Embark on an intriguing journey in this engineering project where you'll learn to trace user movements through their phone scans using Elasticsearch. This project's goal is to employ Elasticsearch as a search system to analyze a comprehensive dataset in which 100,000 users visit stores and make 1,000,000 scans.
Create Your Dataset
Utilize Python and Pandas to craft your own dataset from an open San Francisco stores dataset, which features over 140,000 stores with their names and coordinates. Learn to refine this dataset down to 10,000 selected stores and generate 100,000 fictional users, each performing an average of 10 check-ins. Once the data preparation is complete, you'll upload it to Elasticsearch and build a vibrant user interface with Streamlit for robust data visualization.

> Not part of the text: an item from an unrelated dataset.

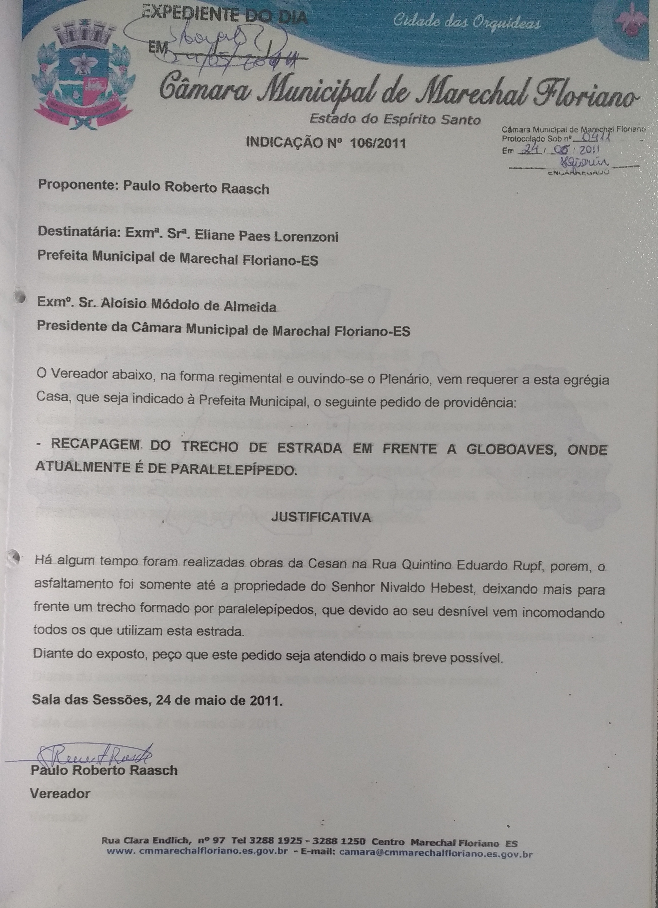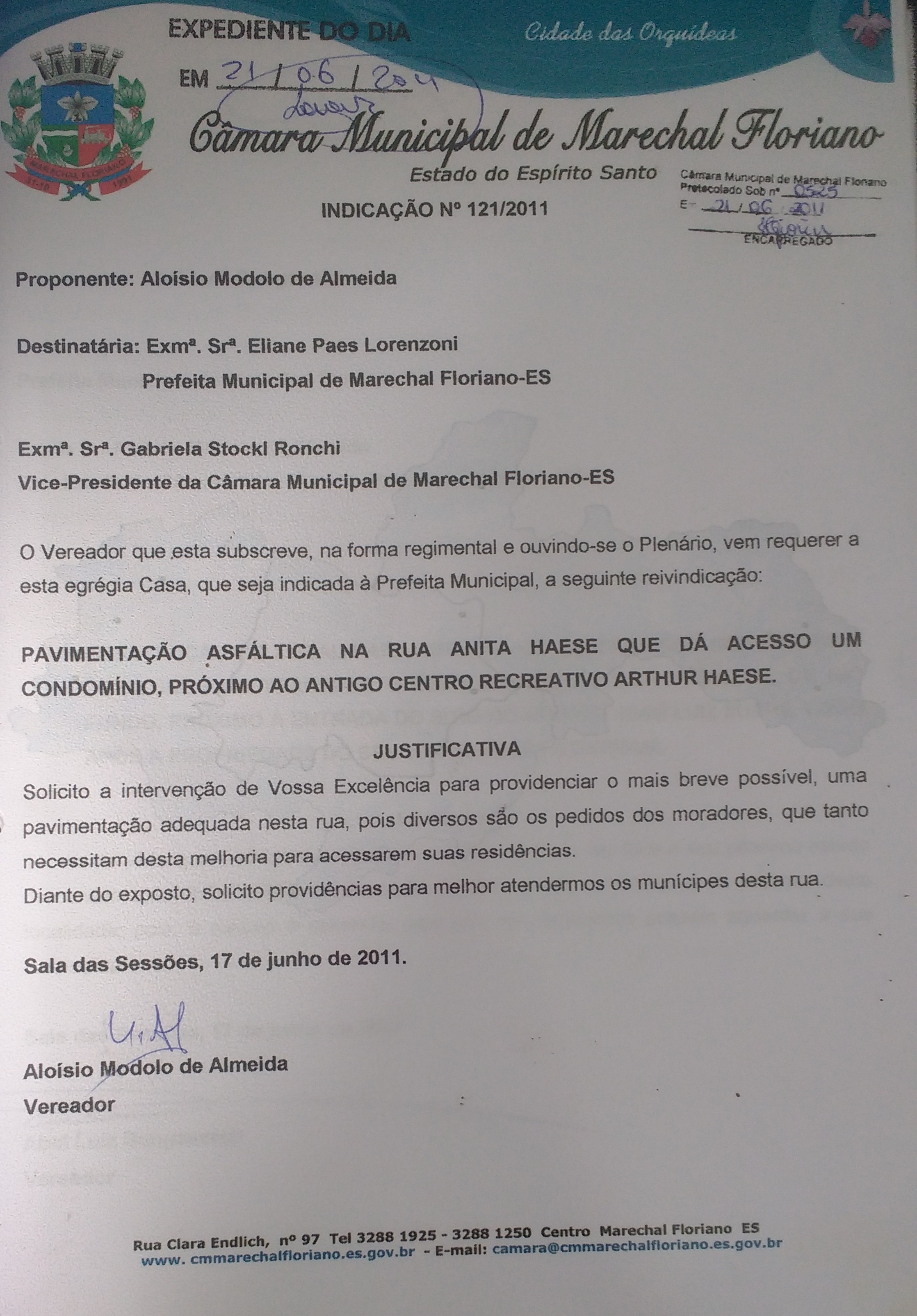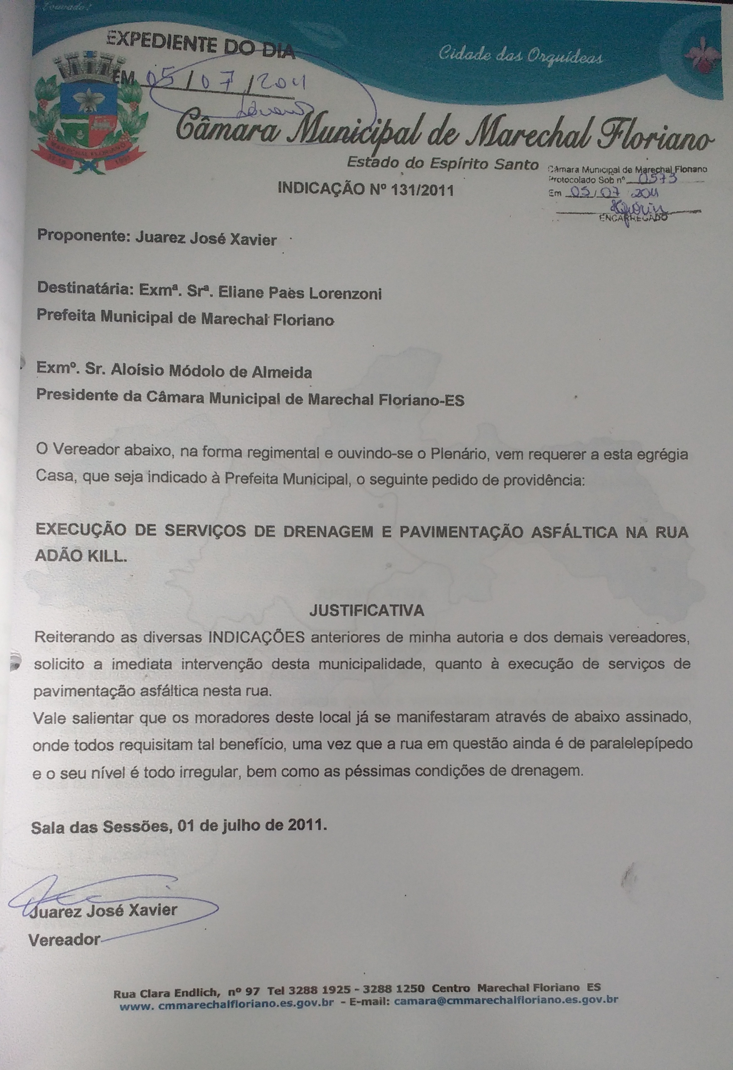 Ementa: PAVIMENTAÇÃO ASFÁLTICA DA RUA ADÃO KILL, EM MARECHAL FLORIANO.

Application Interface Features
- Search by store name
- Search by ZIP code to filter stores by area
- Search by business ID for visit analysis
- Search and track by Device ID to observe specific user movements
Skills and Learning Outcomes
Throughout this project, you'll develop the ability to:
- Transform and upload data in parquet format to Elasticsearch
- Utilize Kibana for effective index management and document search
- Design an interactive interface using Streamlit with controls, Folium maps, and tables
- Configure pages and execute intricate queries on Elasticsearch
Course Program Overview
- Preparation of the San Francisco dataset with 10,000 stores
- Generation of 100,000 fictional user profiles
- Integration of user data with store information
- Creation of 1,000,000 app check-ins
- Data preparation for Elasticsearch upload
- Data upload to Elasticsearch
- Streamlit application development including maps, filters, and tables
- Page configuration and Elasticsearch query execution
Prerequisites and Recommendations
It is recommended to complete the “Log Analysis in Elasticsearch” course to gain foundational knowledge in Elasticsearch. Additionally, consider taking the Pandas lessons from the course “Python for Data Engineers” to enhance your data manipulation skills.
This project is best suited for systems equipped with at least 8 GB of RAM.